Europe. La directive Bolkestein devrait être entièrement remaniée

Publié le 10/02/2006 • Par Christophe Garach • dans : A la une, France

Sauf rebondissement de dernière minute, les eurodéputés devraient adopter jeudi 16 février prochain à Strasbourg une version profondément remaniée de la fameuse directive Bolkestein (sur la libéralisation des services). Au terme de plusieurs mois de négociations les deux grands groupes politiques du Parlement européen (PPE et PSE) – auxquels devraient se joindre le groupe Libéral-Démocrate – sont parvenus mercredi 8 février à conclure plusieurs amendements de compromis particulièrement décisifs.
Pierre angulaire des débats : l’avenir du PPO (« principe du pays d’origine ») qui prévoyait que c’est le droit du pays d’origine qui devait s’appliquer lorsqu’un architecte tchèque, par exemple, décidait de venir travailler en France. Un principe dénoncé de toute part comme la porte ouverte au « dumping social ». Pour la socialiste allemande Evelyne Gebhardt, rapporteur du texte au Parlement européen, le PPO a tout simplement « disparu ».
Certes, avec la nouvelle loi, « un plombier polonais pourra offrir ses services en France plus facilement », confirme la députée mais quand il exécutera son travail, il devra respecter le droit des consommateurs ainsi que les lois sociales françaises ». Ce qui n’aurait pas été le cas si le texte initial proposé par l’ancien commissaire européen Frits Bolkestein avait été adopté en l’état.
Pour le PPE, le renoncement au PPO s’accompagne néanmoins d’une série d’obligations puisque les Etats membres devront bel et bien s’engager à faire le grand ménage dans leur législation pour éliminer toutes les contraintes juridico-administratives qui contreviennent (depuis des décennies) à l’application effective de la libre circulation des services dans l’Union européenne.

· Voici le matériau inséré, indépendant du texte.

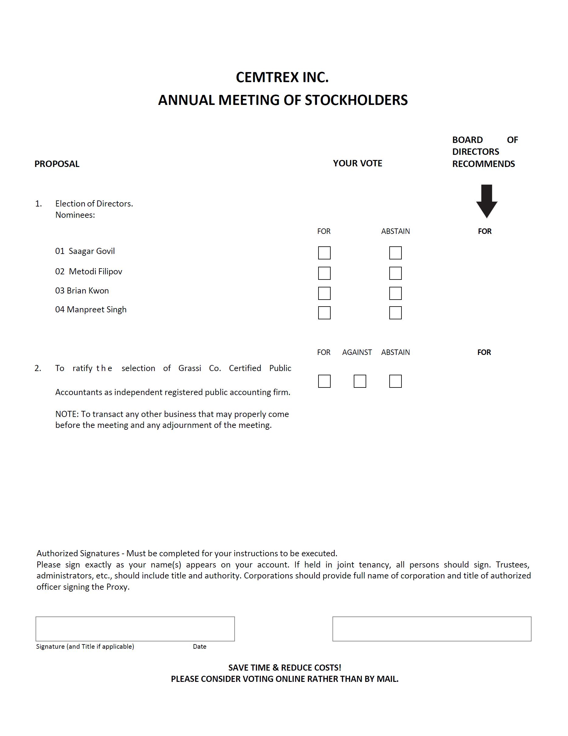“FOR” the election of each of the four nominees, Saagar Govil, Metodi Filipov, Brian Kwon, and Manpreet Singh proposed by the Board of Directors to serve as directors, each for a term of one year or until Cemtrex’s 2026 Annual Meeting of Stockholders (Proposal 1);

Mais de nombreux députés du PPE (issus des nouveaux pays membres notamment) sont loin d’être ravis. La directive prévoit en effet une clause de sauvegarde supplémentaire (article 16 § 3) dans laquelle les Etats membres pourront justifier des raisons impérieuses de nécessité (ordre public, non conformité avec la politique sociale du pays, remise en cause des lois protégeant les consommateurs, atteinte à l’environnement…) pour remettre en cause la prestation d’un service fourni par un ressortissant européen.
Autre évidence : le champ d’application de la future directive devrait lui aussi être considérablement réduit. Cette semaine, droite et gauche européenne ont convenu d’exclure du texte tous les services sociaux (l’amendement n°7 en donne une longue définition…) mais aussi les jeux ainsi que les agences d’intérim. Pour mémoire la commission parlementaire chargée de ce dossier avait déjà accepté en novembre 2005 d’exclure non seulement les transports, l’énergie, ou l’eau, mais aussi et surtout les services de santé (privés ou publics), les services audiovisuels ainsi que certaines professions réglementées telles que les notaires.
Comble de tout pour les ultralibéraux du Parlement européen : il sera écrit noir sur blanc que la directive n’entraînera pas de privatisation des services publics et que le code du travail français restera le seul droit applicable quand un travailleur indépendant issu d’un autre pays de l’Union viendra offrir ses services.
Reste la question des services d’intérêt économique général (SIEG). Pas de compromis adopté, et la gauche plaide toujours pour une exemption pure et simple des SIEG du champ d’application de la directive. Cela dit « l’article 16 prescrit beaucoup de possibilités de sauvegarde » insiste un diplomate français.
Droite et gauche espèrent maintenant obtenir une « majorité solide » pour forcer la main au Conseil et à la Commission (qui devrait logiquement présenter une nouvelle version de la directive après le vote des eurodéputés).